2024_HORN_Bespoke Footwear_Guerin

SARAH MADELEINE T. GUERIN 

Wakefield, MA
 
saboteuse.com
IG: saboteusebespoke
 
A bicultural artisan, Sarah builds Western boots by hand with the passion of a New England work ethic and her French design sensibilities. A graduate of programs in Architecture at the Rhode Island School of Design and Intensive Footwear at London College of Fashion’s Cordwainers College, Sarah’s design skills were complimented by years of training in a variety of hands-on workshops culminating in one-on-one training with Western bootmaker Jim Covington. She established the atelier Saboteuse in 2015.
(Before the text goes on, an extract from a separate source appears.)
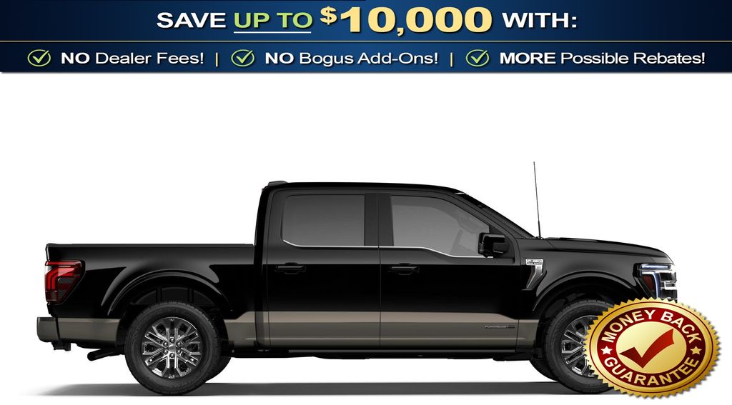 Ford Connectivity Package (1-Year Included), FX4 Off-Road Package (4x4 FX4 Off-Road Bodyside Decal, Hill Descent Control, and Off-Road Tuned Front Shock Absorbers), Internet access capable: 5G Modem - Ford Connectivity Package, 3.5L PowerBoost Full-Hybrid V6, 4WD, 4-Wheel Disc Brakes, 8 Speakers, ABS brakes, Adjustable pedals, Air Conditioning, Alloy wheels, AM/FM radio: SiriusXM with 360L, Auto High-beam Headlights, Auto tilt-away steering wheel, Auto-dimming door mirrors, Auto-dimming Rear-View mirror, Automatic temperature control, Brake assist, Chrome wheels, Compass, Delay-off headlights, Driver door bin, Driver vanity mirror, Driver's Side SecuriCode Keyless-Entry Keypad, Dual front impact airbags, Dual front side impact airbags, Electronic Stability Control, Emergency communication system: SYNC 4 911 Assist, Front anti-roll bar, Front Bucket Seats, Front Center Armrest, Front dual zone A/C, Front fog lights, Front reading lights, Front wheel independent suspension, Fully automatic headlights, Garage door transmitter, Genuine wood dashboard insert, Head-Up Display, Heated door mirrors, Heated front seats, Heated rear seats, Heated steering wheel, Illuminated entry, King Ranch Multicontour Leather Bucket Seats, Leather steering wheel, Low tire pressure warning, Memory seat, Navigation system: Connected Navigation, Occupant sensing airbag, Outside temperature display, Overhead airbag, Overhead console, Panic alarm, Passenger door bin, Passenger vanity mirror, Pedal memory, Power door mirrors, Power driver seat, Power passenger seat, Power steering, Power windows, Pro Access Tailgate, Radio data system, Radio: B&O Sound System by Bang and Olufsen, Rain sensing wipers, Rear reading lights, Rear seat center armrest, Rear step bumper, Rear window defroster, Remote keyless entry, Security system, Speed control, Split folding rear seat, Steering wheel memory, Steering wheel mounted audio controls, SYNC 4 with Enhanced Voice Recognition, Tachometer, Telescoping steering wheel, Tilt steering wheel, Traction control, Trip computer, Turn signal indicator mirrors, Twin Panel Moonroof, Variably intermittent wipers, Ventilated front seats, and Wheels: 20" Chrome-Like PVD.

Driven by a creative process, Sarah intentionally combines bootmaking, artmaking, historical research, and public engagement to better understand the relationships between knowledge and quality. Steeped in tradition, her work illustrates meticulous craftsmanship and the unique, thoughtful creativity that makes Saboteuse boots stand apart. Sarah’s provocative bootmaking practice is but one part of a life-long body of work. With every stitch and decision, Sarah slowly builds beautiful handmade boots that tell a good story – as her clients become collaborative co-authors of this traditional American craft narrative, and her artwork critiques whose voices are heard within our footwear traditions.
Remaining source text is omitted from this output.